**Material provided:**
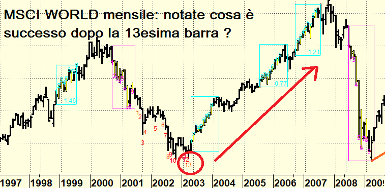 Vediamo un esempio “spettacolare di funzionamento”: nel 2003 il Sequential sul mensile dell’indice MSCI world ha segnato il punto di minimo.
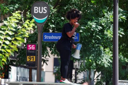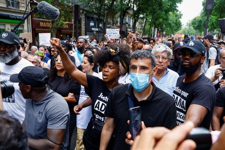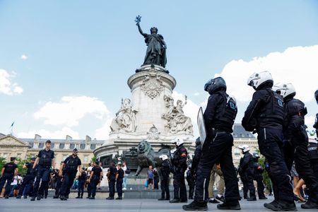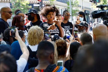 PARIS (Reuters) -Hundreds of protesters defied a ban on Saturday to march in central Paris against police violence, a week after riots sparked by the killing of a teenager in a Parisian suburb.
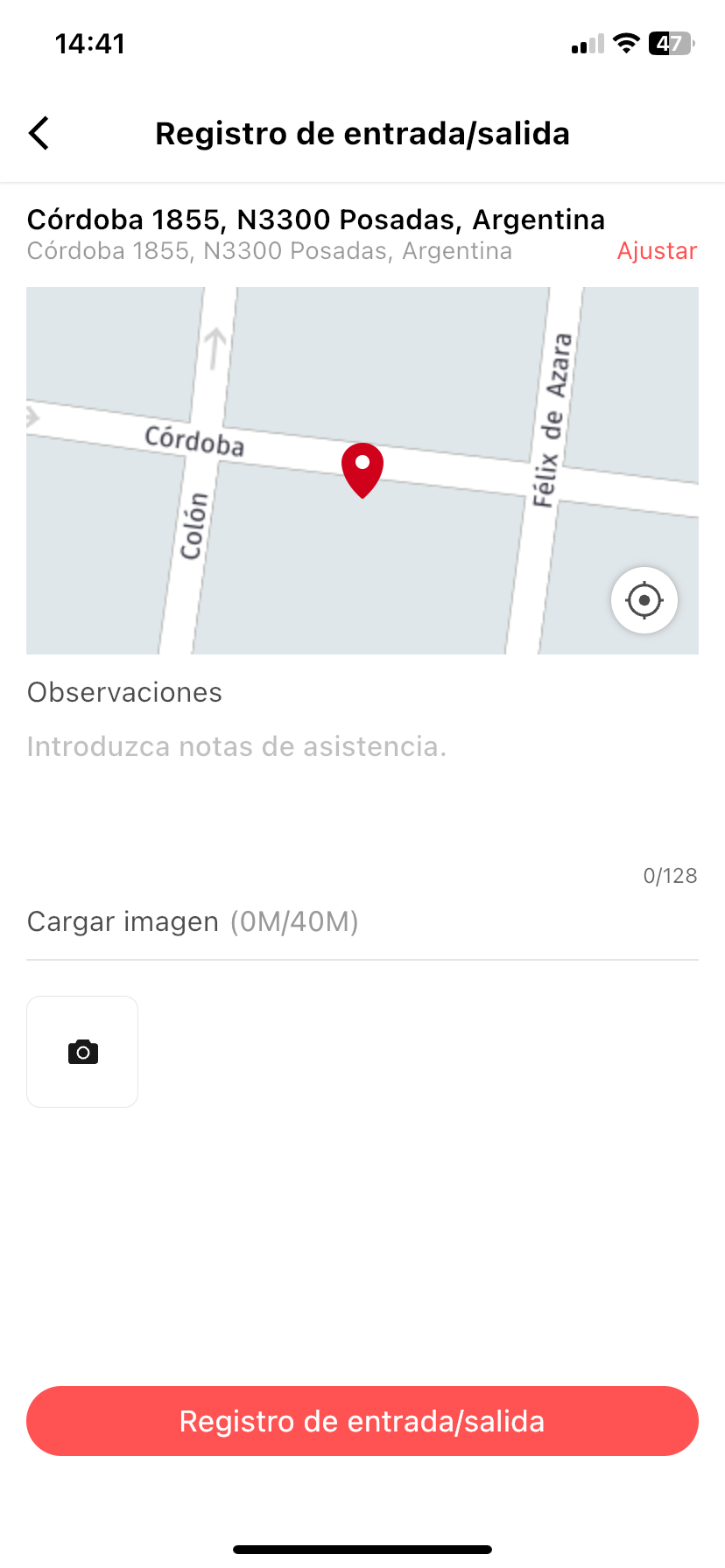 Una vez ingresado ahí, la aplicación va a ubicar con su GPS* y va a dar la posición actual en donde se encuentre el operario. Se deberá también cargar una imagen que en este caso será una foto actual del rostro del operario en ese momento. De otra manera, el registro no podrá ser autorizado. Por lo tanto, el procedimiento de sacar la foto actual no puede ser obviado ni salteado. Una vez cargada la imagen, proceder a seleccionar la opción Registro de entrada/salida. El registro ya estará hecho y el operario ya será registrado en su horario regular de trabajo, como así también, su horario de salida y cortes programados de almuerzo/cena.
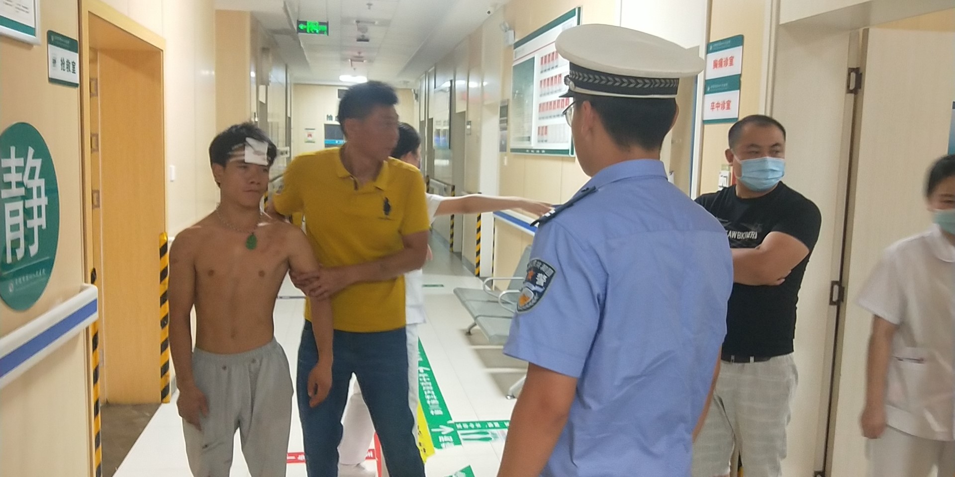 經(jīng)醫(yī)生救助后,該傷者脫離生命危險(xiǎn),但需要在醫(yī)院進(jìn)一步留院觀察。傷者家屬緊緊握住兩位民警的手真誠(chéng)的感謝。
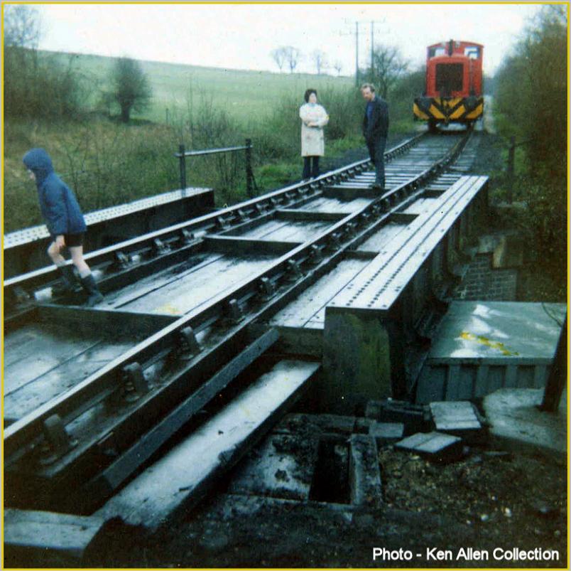 Driver Ken Allen with a local resident surveys the mis-alignment of the track by the lorry stuck under the bridge. This photo shows the damage to the bridge support stonework.
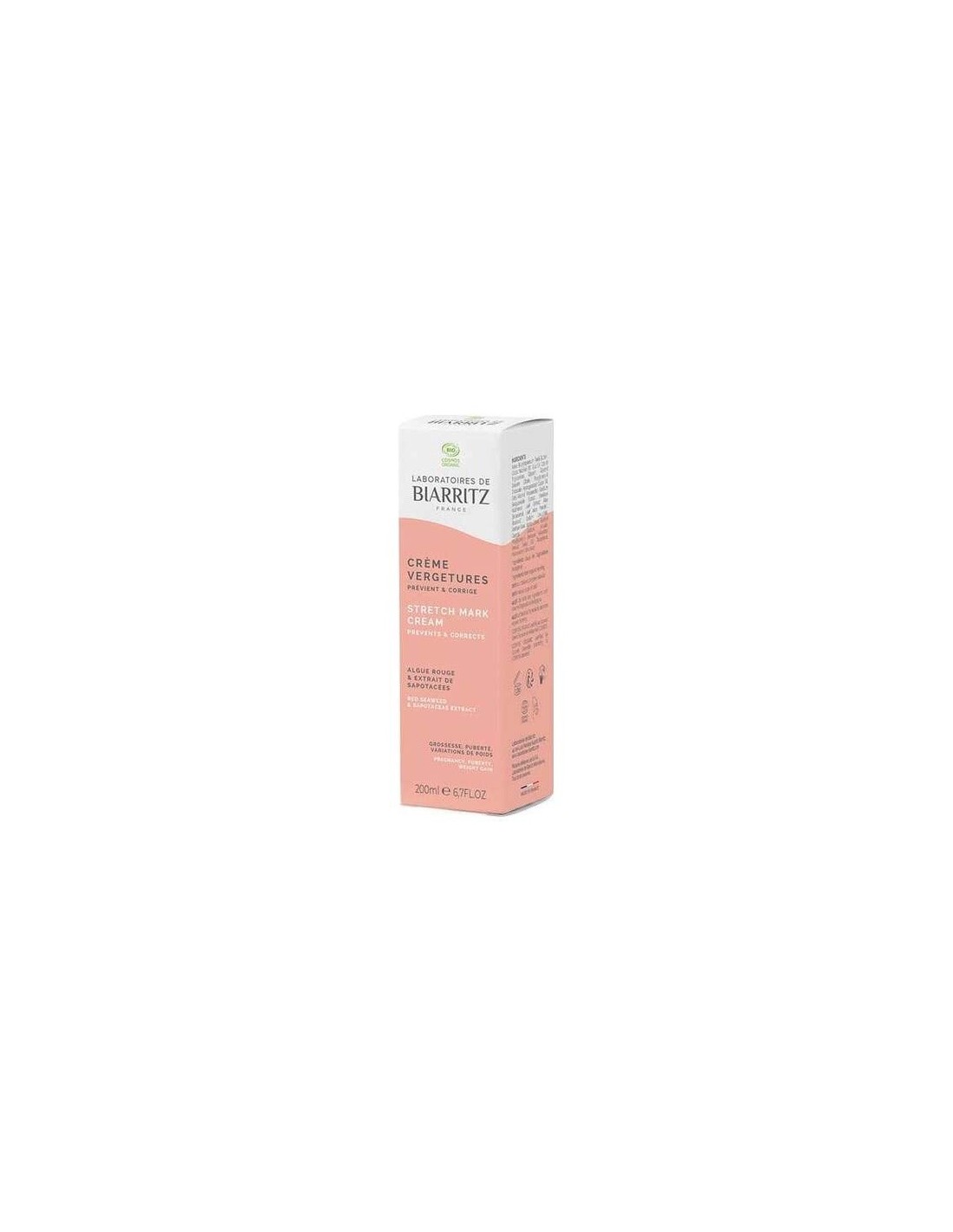 ALGA MARIS - LAB. BIARRITZTratamiento de doble acción: actúa de forma preventiva y correctora. Nutre, suaviza, mejora la elasticidad de la piel. Estimula los mecanismos de reparación de los tejidos que promueven la regresión de las estrías. Elimina la sensación de tirantez y picor. Textura cremosa. Tubo de plástico reciclado y reciclable. Apto para embarazadas y en periodo de lactancia. Sin perfume e hipoalergica. Eficacia probada clínicamente. Ecocert.
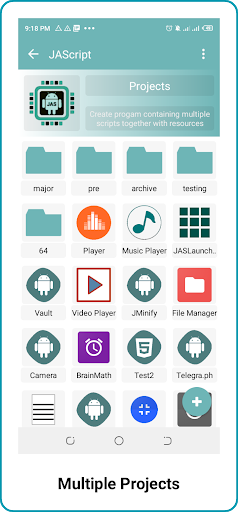 O Jascript é um aplicativo para construir aplicativos e jogos Android usando tecnologias da Web, como HTML, CSS, JavaScript, PHP, JQuery, etc. O uso de HTML, CSS e JavaScript é possível criar aplicativos locais e da Web para atender às necessidades específicas a qualquer hora. Os aplicativos JavaScript Local Android podem ser convertidos em aplicativos Android autônomos (APK) enquanto os aplicativos da Web HTML podem ser carregados em um site como um aplicativo da Web. Para melhorar o jogo Jasript está entrando com uma biblioteca de jogos 3D, a fim de criar jogos no Android 3D. Você também pode usar o JAScript App para criar jogos HTML5 2D e 3D. Codificação e teste neste editor de código é mais rápido, já que nenhuma pré-instalação é sempre necessária. No console de JS, você pode executar aplicativos do console do JavaScript usando o suporte do Engine ES6 do V8 JavaScript.
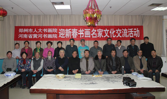 联谊会上,市人大系统书画院院长李保山、河南黄河书画院院长王克成分别介绍了与会的书画名家及两院的基本情况。希望两院加强交流,互通有无,共同致力推进我省及郑州市的文化事业健康发展,为中原经济区和郑州都市区建设贡献一份力量。河南黄河书画院聘请李保山为该院的名誉院长并现场颁发了聘书。
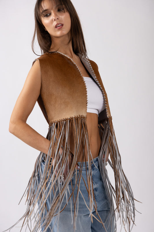 Crafted from genuine brown cowhide leather, its natural fur texture brings depth and character, while hand-tied leather fringe drapes fluidly from the hem — creating movement with every step. The cropped silhouette feels both bold and intentional.
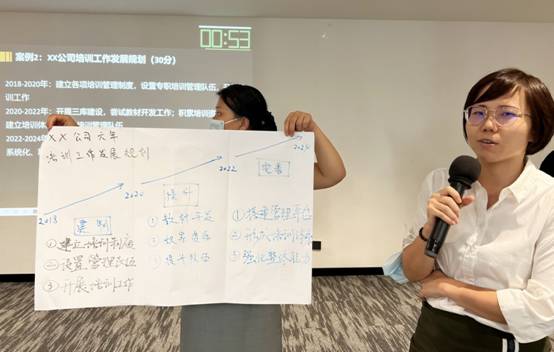 培训邀请了TTT培训专家、商务演讲专家张熳老师授课。她从日常的企业沟通场景进入培训主题,通过设置丰富的教学案例和系列互动环节,引发学员思考,实现教学同频,极大调动了学员的积极性,大部分学员都进入了“沉浸式”学习,课堂气氛十分活跃。
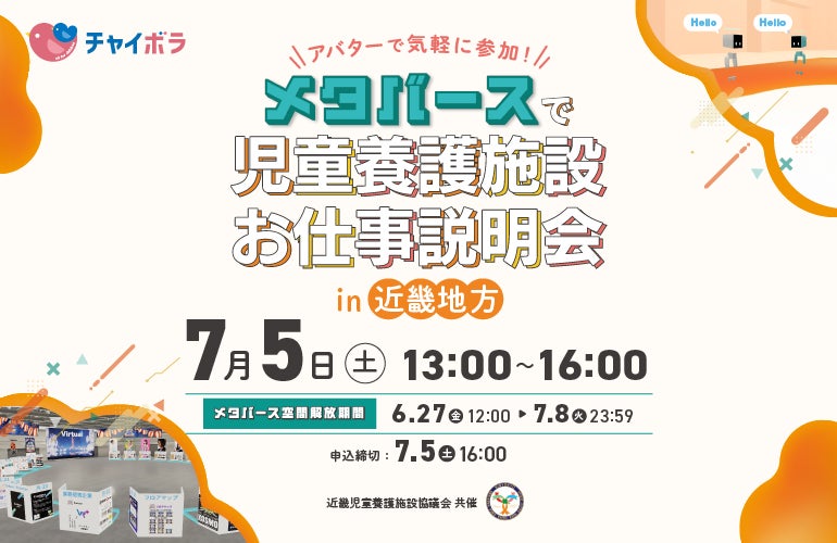 近畿児童養護施設協議会と共催で近畿地方特化型のメタバース合同説明会を初開催. NPO法人チャイボラ. 2025年6月17日 15時00分.
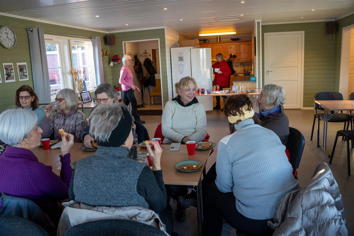 Lisbeth Hultgren, ca midt i bildet, er spreke seniorer instruktør - og har turgruppe hver tirsdag. De kommer da innom Møteplassen for kaffe og vafler.
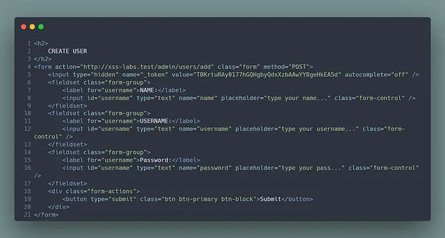 The provided script is straightforward JavaScript code. It sends a request to http://xss-labs.test/admin/users. Upon successful execution, it forwards the HTML content to https://myezxss.domain/assets/logs/receiver.php, which I’ve previously set up. The file receiver.php is a basic PHP file that receives the POST request and saves the data to an HTML file, allowing me to view and read the content.
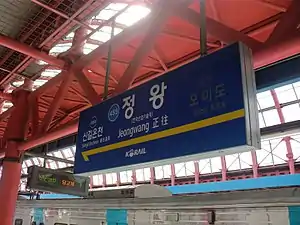 Jeongwang station is a station on Seoul Subway Line 4 and the Suin–Bundang Line located in the Jeongwang-dong area of Siheung, South Korea. Its secondary station name is Tech Univ. of Korea.[1] The name of the station originated from the local name.[2]
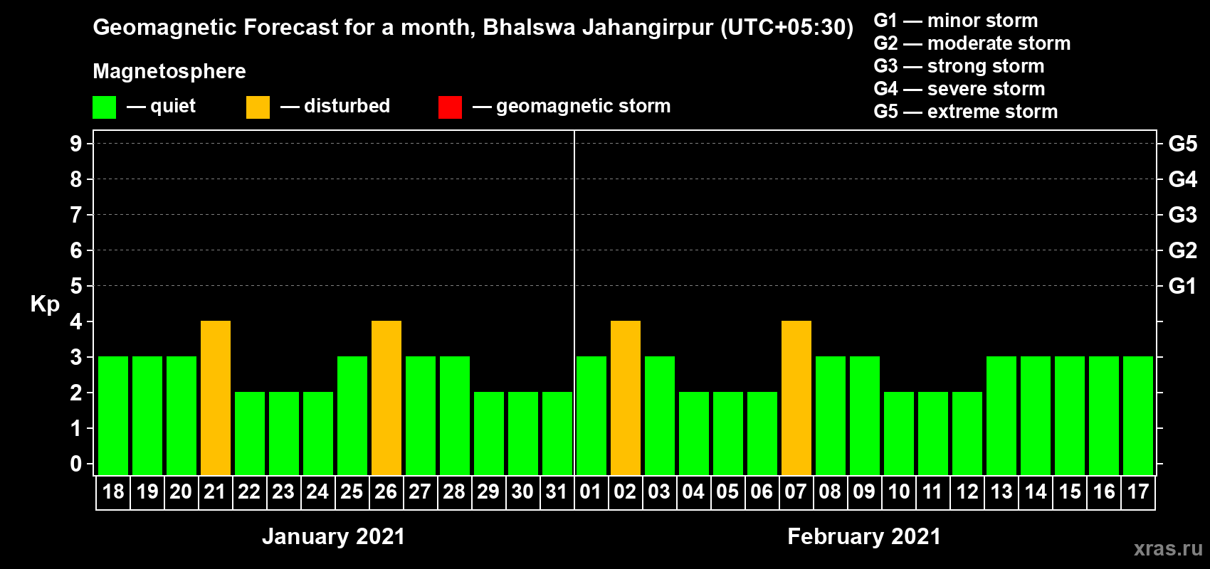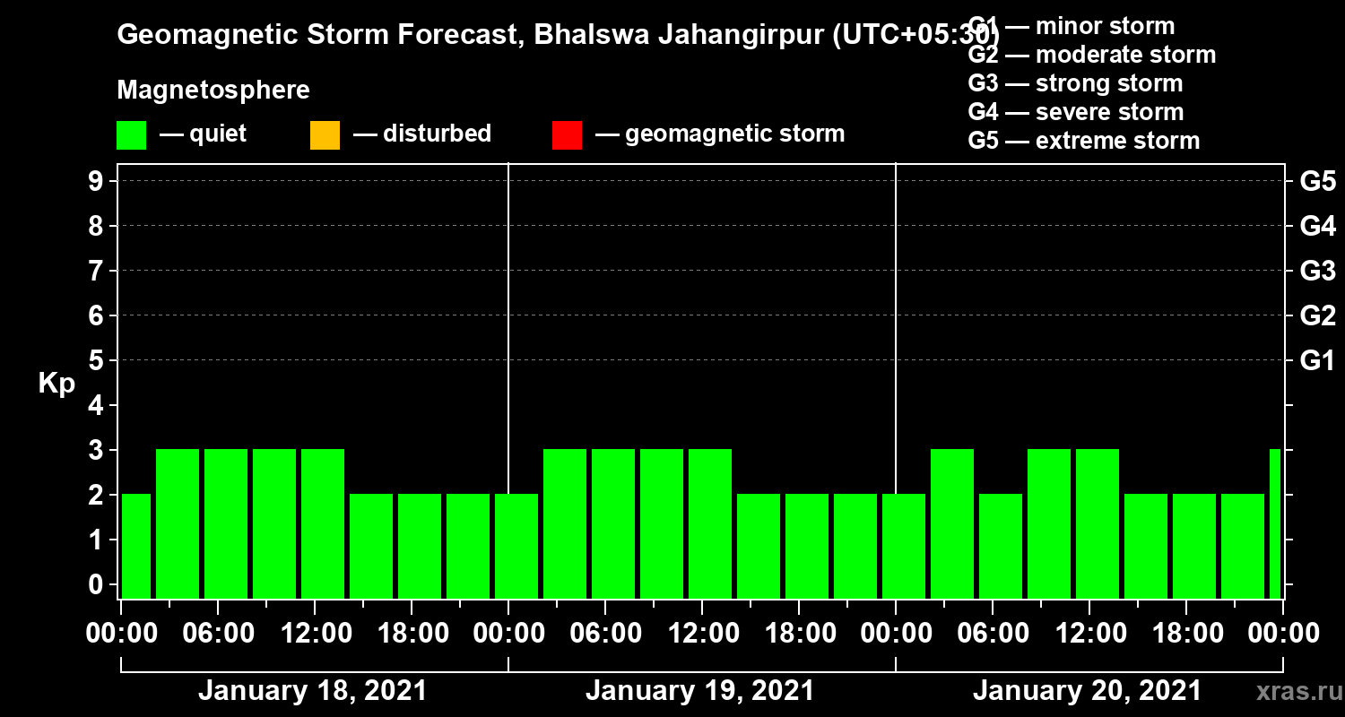 Geomagnetic storm forecast in Bhalswa Jahangirpur for Jan 18, 2021
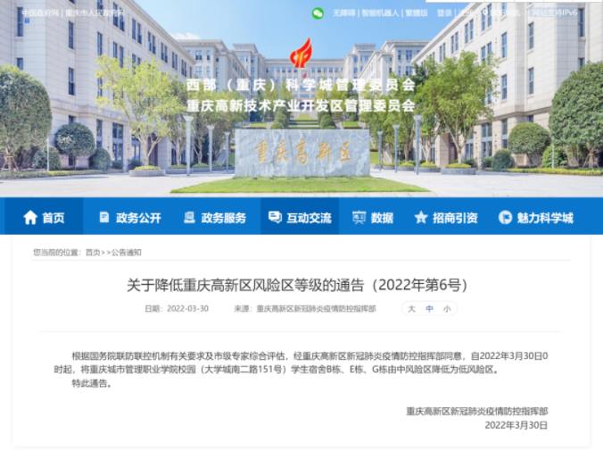 根據(jù)國(guó)務(wù)院聯(lián)防聯(lián)控機(jī)制有關(guān)要求及市級(jí)專家綜合評(píng)估,經(jīng)重慶高新區(qū)新冠肺炎疫情防控指揮部同意,自2022年3月30日0時(shí)起,將重慶城市管理職業(yè)學(xué)院校園(大學(xué)城南二路151號(hào))學(xué)生宿舍B棟、E棟、G棟由中風(fēng)險(xiǎn)區(qū)降低為低風(fēng)險(xiǎn)區(qū)。
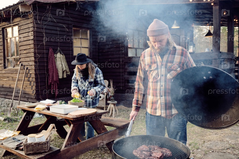 Семья готовит ужин на свежем воздухе
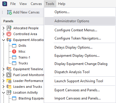| Export/Import Canvas and Panels | Used to Export or Import Canvases and Panels archive files. These options are also available from the Tools menu, unless either Lock Positions and Lock Panel Configuration is enabled in the Administrator Options. |
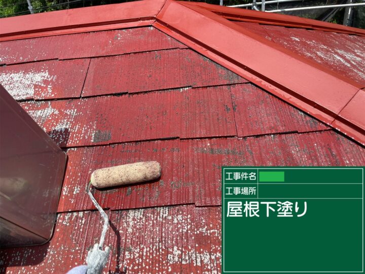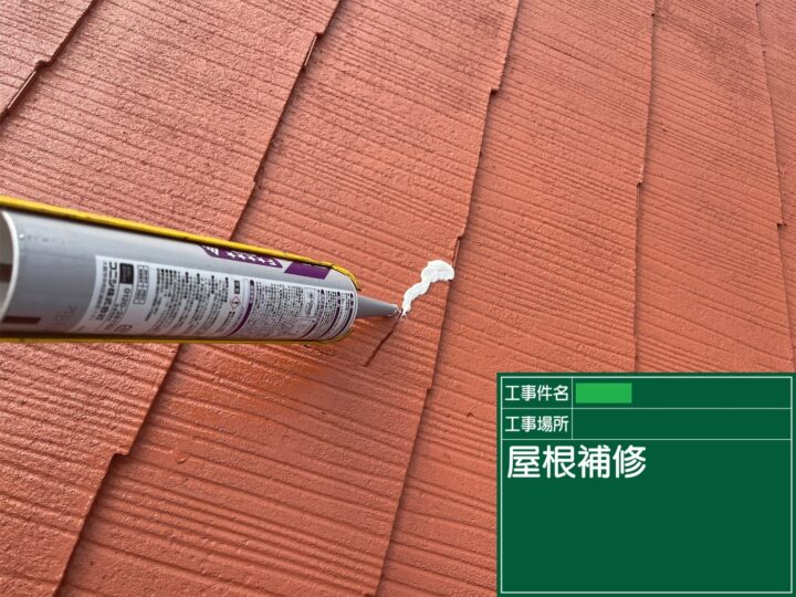 鉄部には錆止めを入れたり、割れてしまっている箇所には、シーリングでクラック補修を行ったりなど、屋根塗装の下地処理を行いました。
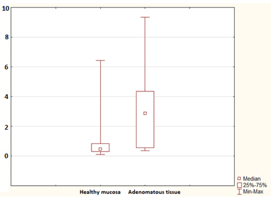 Figure 5. The mRNA for S100A9 in the healthy mucosa of the advanced adenoma group (healthy mucosa; 30 samples) and advanced adenomatous tissue (adenomatous tissue; 9 samples). A statistically significant difference was found (p = 0.021).
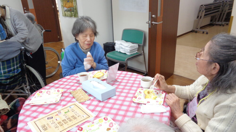 皆様大好きなケーキと飲み物が運ばれ、皆様笑顔で召し上がられています。

**What is being asked:** Output exactly the stretch of the listing that begins at the line containing "近畿児童養護施設協議会と共催で近畿地方特化型のメタバース合同説明会を初開催. NPO法人チャイボラ. 2025年6月17日" and ends at the line containing "Lisbeth Hultgren, ca", both kept. Omit pictures and everything else.

**Answer box:**
 近畿児童養護施設協議会と共催で近畿地方特化型のメタバース合同説明会を初開催. NPO法人チャイボラ. 2025年6月17日 15時00分.
 Lisbeth Hultgren, ca midt i bildet, er spreke seniorer instruktør - og har turgruppe hver tirsdag. De kommer da innom Møteplassen for kaffe og vafler.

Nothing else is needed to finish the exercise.